Below, the numbered extractions distilled from the long article called In Praise of the Gods by Simon Sarris. I found it a very interesting read, and it provided for me a validation of my long-held sense that the Age of Science has not been without its costs.
For the morbidly curious, I appended a screen shot of what my Roam Research graph or work board for this article looks like. Yeah, I know. I should get a life. Gotta luv me. — Fred
With the Enlightenment's "escape from irrationality" we have lost the value of myth, of wonder, of enlivenment by the ineffable mystery of the *Kosmos--more than the physical Cosmos
"Sex, Ecology, Spirituality" *Ken Wilber KOSMOS as reality beyond the physical COSMOS.
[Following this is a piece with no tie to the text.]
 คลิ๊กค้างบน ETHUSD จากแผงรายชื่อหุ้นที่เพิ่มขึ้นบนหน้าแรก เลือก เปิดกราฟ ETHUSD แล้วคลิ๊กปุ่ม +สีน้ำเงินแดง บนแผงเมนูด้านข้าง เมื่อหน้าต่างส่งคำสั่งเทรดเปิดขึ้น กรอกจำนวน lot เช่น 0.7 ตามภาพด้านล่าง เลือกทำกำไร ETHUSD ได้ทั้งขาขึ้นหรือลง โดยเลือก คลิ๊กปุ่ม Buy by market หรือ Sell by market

The author calls for a return to an "embodied reasoning" other than the abstract world of the lab scientist who relies solely on reason (or the cloistered city dweller who never hugs a tree.) Life in the body vs life in the mind.
Irrational has become a pejorative term; as such, any matter not amenable to measurement is suspect
Lord Kelvin: Measurement is the basis of all knowledge. #ff
QUOTE: Rational insight is a powerful tool, and one of our worst excesses.
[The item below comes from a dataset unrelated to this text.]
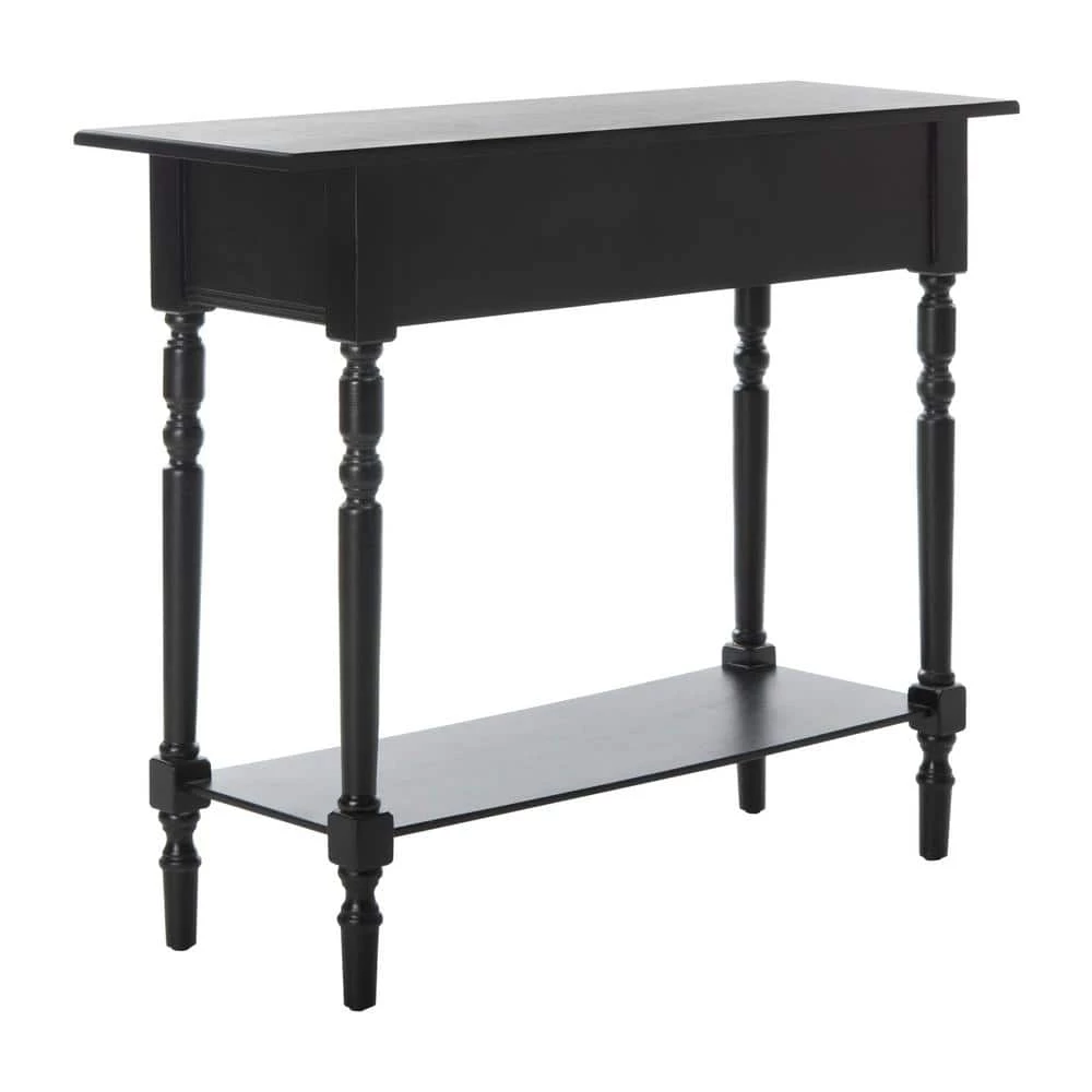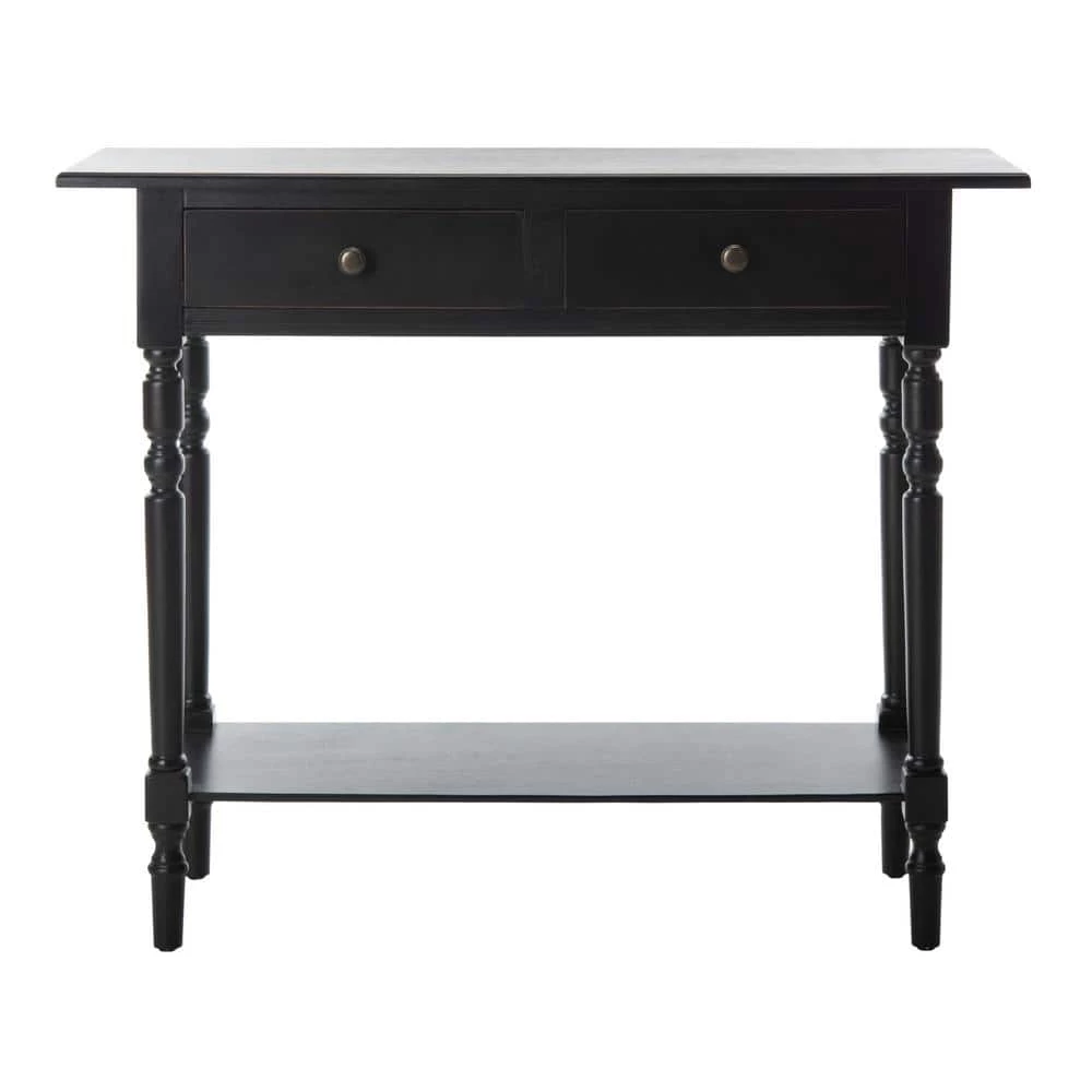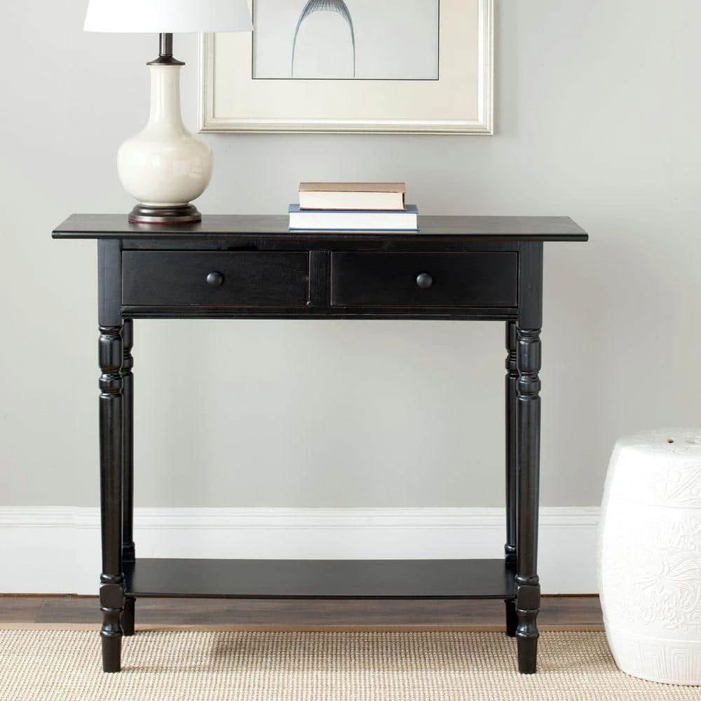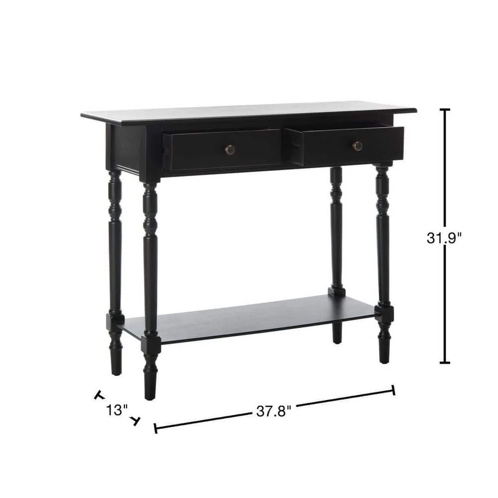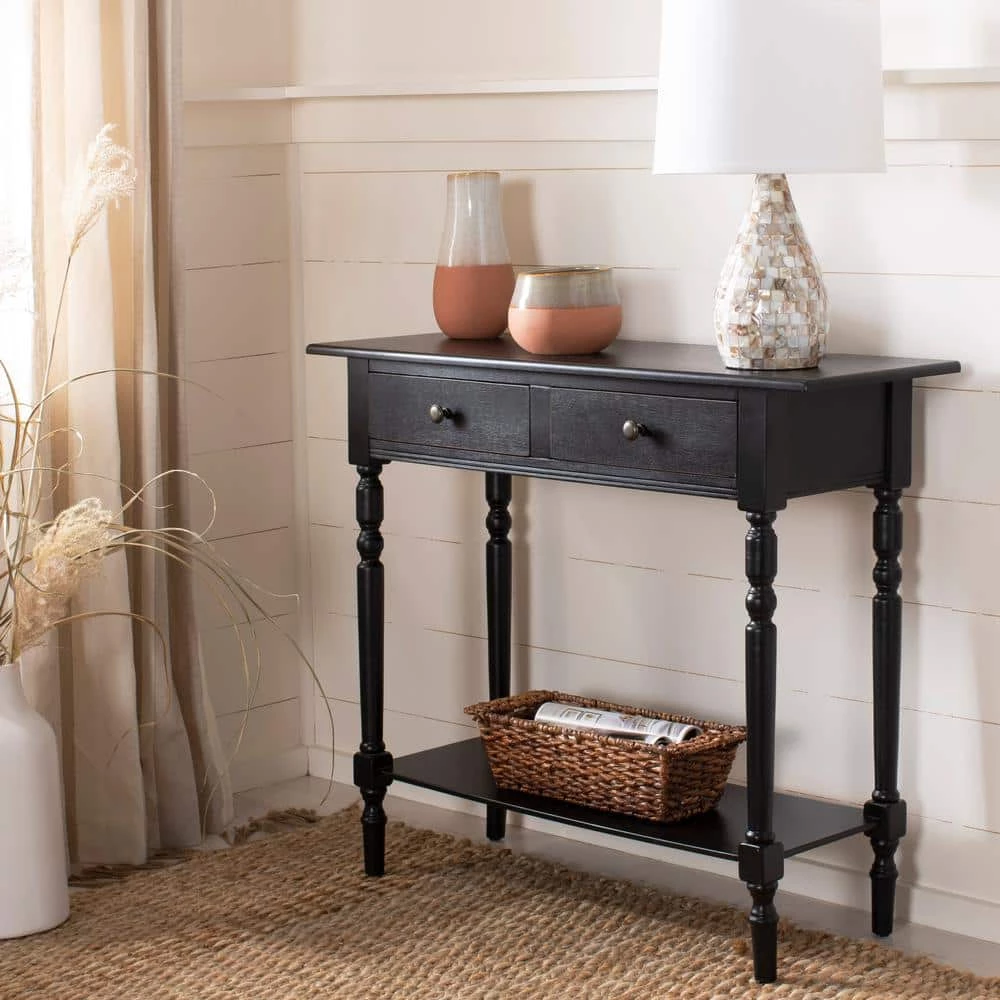 The Rosemary Console, in a distressed black finish, evokes craftsman style with its clean lines and practical storage. Crafted from pine with two drawers and a bottom shelf, this console will enhance casual dens, front entry, or bedrooms with its refined farmhouse charm. This is a great addition for your home whether you live in the country side or the busy city.

QUOTE: Virtue lies in giving things their proper place. To lack reason is to be inhuman. To rely on it solely is to be disembodied. This disembodied nature is the vice of the modern intellectual.
QUOTE: Without an education of stories, it is not only difficult to build your intuition, it is difficult to learn how to learn, and difficult to reason about virtue.
Modern "story telling" of TV fails to reach us because all it asks is our [[Attention]] but typically does not ask us to THINK. see [[Attention Economy]]
Traditions: "answers to" or I'd say responses to enduring questions, the author says. They are an "embodied" celebration or honoring or enactment of a part of who we are, see ourselves to be, sometime a part that we have inadequate words for. The candles we light, seasonal songs and stories, tales we tell--instill meta-rational values in our families and societies.
The quality of thought and richness of our vocabulary in an age or a society is reduced as we eliminate MYTH from our understanding of reality, of who we are, or our relationships to each other and to nature and the Other.
A belief in science can become less a creed of belief resting upon objective reality than on ORDAINED AUTHORITY and CONSENSUS. Science as a priesthood, it's creeds held with a white-knuckled grip.
There is FAITH in science just as there is FACT in religion. Both have their creeds and dogmas.
The "certainty" of science would hold that the earth (the KOSMOS) holds no secrets not ultimately to be cracked by mathematics, physics and reason.
A society does not become happier (the pursuit of happiness) by becoming more Spockian, by eliminating anything not PROVEN. We become impoverished in language and purpose. We can't grasp our place in the KOSMOS with nothing but equations. Rejecting ritual and liturgy is not to reject the supernatural, but to allow our existence to become UNNATURAL. [[Chesterton]]
Children live in the body, not the mind. As adults our understandings of the world become DIS-embodied and abstract, often completely free of any ties to the Earth under our feet.
The product of a life enriched by religion is gratitude and wonder and a world view that embraces the ineffable vastness and unknowability of the matrix of time and space we experience as a human life.
“The gods linger to remind us that the genius of the world does not originate within ourselves, but is hidden in every part of the world, if we are willing to let it dawn on us.”